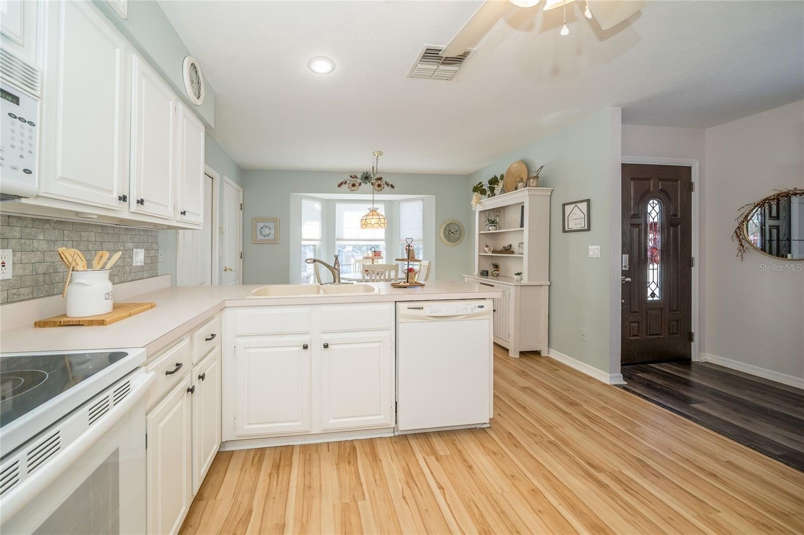 Big lot, big charm, and big opportunities – all in one beautiful home! Welcome to this WEDGEWOOD MANOR HOME, perfectly situated on a corner lot! Step inside through the tiled foyer entry and you’ll immediately feel at home. Just off the entry is a spacious kitchen featuring solid wood cabinets, plenty of counter space, a built-in desk area, closet pantry, and a bright dinette with bay window that fills the room with natural light. The kitchen and dinette flooring were updated in 2020 with elegant Silent Blue Stone/Plastic Composite. This 2-bedroom, 2-bath home offers over 1,660 sq. ft. of living space, including a large Living/Dining Room combination plus a bonus room with French doors—ideal for guests, crafts, an office, or a cozy den. The primary suite features a walk-in closet and private bath, while the second bedroom is conveniently located near the guest bath, which includes a relaxing jetted tub. Additional storage abounds with a hall linen closet and an extra-large storage closet. The main living area boasts vaulted ceilings and a plant shelf, perfect for displaying your favorite décor. Abundant windows throughout the home bring in beautiful natural light, and the French doors (2019) open to a lovely rear patio—ideal for enjoying Florida’s sunshine. The garage includes an insulated door and a privacy screen, allowing the breeze in while you work or do laundry. Other features include: Gable Roof (2010); HVAC (2019); Water Heater (2019); New Stove & Disposal (2019). Wedgewood Manor offers a low HOA fee that includes lawn care, basic cable, community pool, shuffleboard, and a beautiful clubhouse with plenty of social activities.
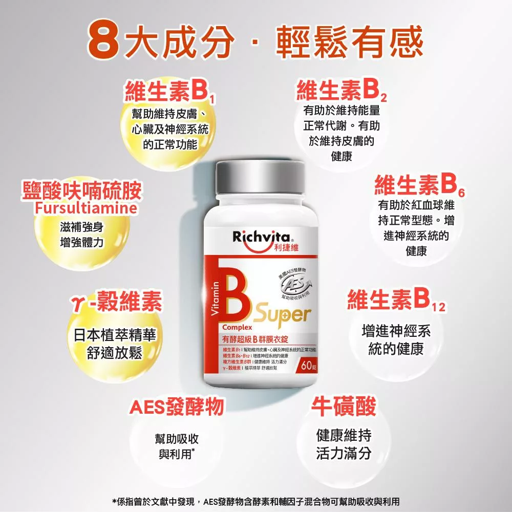 【Richvita利捷維】有酵維生素(60錠) B群+鋅EX錠(男性)
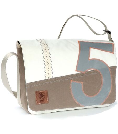 360° Taschen Barkasse Mini Laptoptasche weiß / Balken Persenning taupe, Zahl hellgrau, Gurt beige
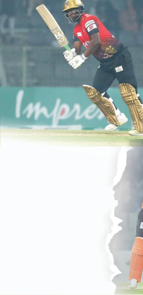 The Tigers took first strike after the Victorians won the toss and elected t o f i e l d f i r s t , a decision that looked lik e th e r ig h t o n e w h e n M a h m u d u l H a s a n J o y w a s d i s m i s s e d b y P a k i s t a n i p a c e r Naseem Shah in the third overwiththescoreon13. That wicket brought Tigers skipper Shai Hope to the crease alongside Tamim Iqbal and the pair put on a T20 batting masterclass, blastingtheComillabowling all over the Sylhet International Cricket Stadium.

-=-=-=-=-

Extract the full listing exactly, with the pictures left out.

-- Response for this exercise --
 Big lot, big charm, and big opportunities – all in one beautiful home! Welcome to this WEDGEWOOD MANOR HOME, perfectly situated on a corner lot! Step inside through the tiled foyer entry and you’ll immediately feel at home. Just off the entry is a spacious kitchen featuring solid wood cabinets, plenty of counter space, a built-in desk area, closet pantry, and a bright dinette with bay window that fills the room with natural light. The kitchen and dinette flooring were updated in 2020 with elegant Silent Blue Stone/Plastic Composite. This 2-bedroom, 2-bath home offers over 1,660 sq. ft. of living space, including a large Living/Dining Room combination plus a bonus room with French doors—ideal for guests, crafts, an office, or a cozy den. The primary suite features a walk-in closet and private bath, while the second bedroom is conveniently located near the guest bath, which includes a relaxing jetted tub. Additional storage abounds with a hall linen closet and an extra-large storage closet. The main living area boasts vaulted ceilings and a plant shelf, perfect for displaying your favorite décor. Abundant windows throughout the home bring in beautiful natural light, and the French doors (2019) open to a lovely rear patio—ideal for enjoying Florida’s sunshine. The garage includes an insulated door and a privacy screen, allowing the breeze in while you work or do laundry. Other features include: Gable Roof (2010); HVAC (2019); Water Heater (2019); New Stove & Disposal (2019). Wedgewood Manor offers a low HOA fee that includes lawn care, basic cable, community pool, shuffleboard, and a beautiful clubhouse with plenty of social activities.
 【Richvita利捷維】有酵維生素(60錠) B群+鋅EX錠(男性)
 360° Taschen Barkasse Mini Laptoptasche weiß / Balken Persenning taupe, Zahl hellgrau, Gurt beige
 The Tigers took first strike after the Victorians won the toss and elected t o f i e l d f i r s t , a decision that looked lik e th e r ig h t o n e w h e n M a h m u d u l H a s a n J o y w a s d i s m i s s e d b y P a k i s t a n i p a c e r Naseem Shah in the third overwiththescoreon13. That wicket brought Tigers skipper Shai Hope to the crease alongside Tamim Iqbal and the pair put on a T20 batting masterclass, blastingtheComillabowling all over the Sylhet International Cricket Stadium.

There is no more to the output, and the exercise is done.